Peer pressure can silence or empower society


It was some years ago, teaching a class at Wilfrid Laurier University, when I asked students to tell me anonymously, their deepest values. Then I asked them to write down the values of university culture and wider Canadian society. It turned out that their deepest values differed greatly from what they had identified as the values of their culture. In discussion, the students argued that we live in a culture, the values of which may be hostile to our deepest values. And most difficult of all is that we think that is commonplace.

I asked my students: who among their families and friends knew their deepest values? For most of them, the number of people who knew their deepest values was very small — Mom, most often, maybe Dad and perhaps one or two of their closest friends.

Knowing that our world will not get any better without a lively discussion of the goodness of life, a vital discussion of values, I asked them why so few people knew of their values: their answers were instructive: “We don’t share our values because we are afraid that others will laugh at us,” or, “they will think we’re weird.”

This was a new and dismaying dimension to peer pressure, and peer pressure at its most powerful: the pressure to keep us silent about what we really care about. The result is an impoverished dialogue of virtue and a mind set that keeps us from acting out our best intentions.

When we keep our deepest values private they have no public consequence. If we don’t speak about our values, then our culture conforms to somebody else’s values or like those people who value money more than morals, goods more than goodness, sex more than affection, fun more than fulfillment and environmental degradation more than sustainability. Politically, we are silenced by people with bull horns on either side of the argument while we sit silently in the middle of such vibrant discussions.

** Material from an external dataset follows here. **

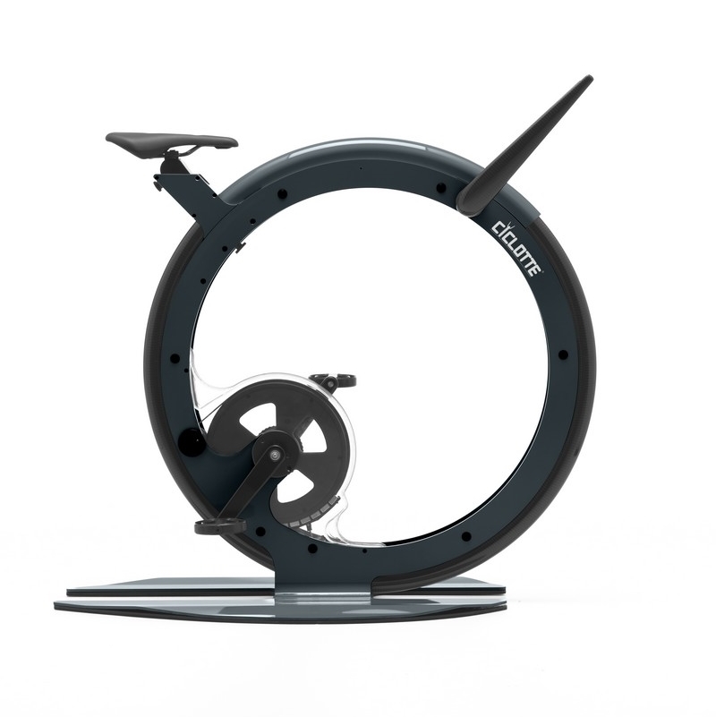 Bicicleta fitness Ciclotte este rezultatul unei cercetari estetice inspirata de ergonomie si esentialitate, fiind realizata din materiale de inalta calitate, cum ar fi otelul si fibrele de carbon. Forma circulara iconica si utilizarea carbonului exprima vocatia sportiva puternica a bicicletei, care este dezvaluita in timpul fiecarei sesiuni de antrenament. Cadrul este conceput pentru a se adapta la cele 5 pozitii de rotire. Transmisia inovatoare a multiplicatorului de rotatie si sistemul rotii exterioare fac exercitiul unic, replicand fidel senzatia de a merge cu bicicleta pe sosea. Rezistenta se obtine cu un sistem electromagnetic sofisticat controlat de la distanta prin Bluetooth. Aceasta bicicleta fitness de lux cu design exclusivist este un excelent echipament de fitness, obiect de decor pentru interiorul caselor, de la camere de zi la dormitoare si bai unice, apartamente de hotel si iahturi.

And the surprising thing about my questions: the lists of those deeply held values were very similar. The fact is that our age mates will not think we’re weird. We are not constrained by the real “others” so much as we are constrained by those imaginary “others” in our heads.

This situation is not confined to my university students. In the study “Yearning for Balance”(The Harwood Group), researchers found that most Canadians espouse values of personal responsibility, family life and friendship. But they do not think most other Canadians do. Most Canadians cite religious faith and generosity as guiding values in their lives but only a few think that most Canadians share these values. We seem to have a broad consensus regarding our core values but we don’t realize such a truth because no one is willing to talk about them.

The same seems true of our values concerning consumption and the environment. 82 per cent of Canadians believe that most of us are wasteful, buying much more than we will ever need. 86 per cent of us profess deep concern for the environment and 51 per cent believe that their consumption has a negative effect on the environment.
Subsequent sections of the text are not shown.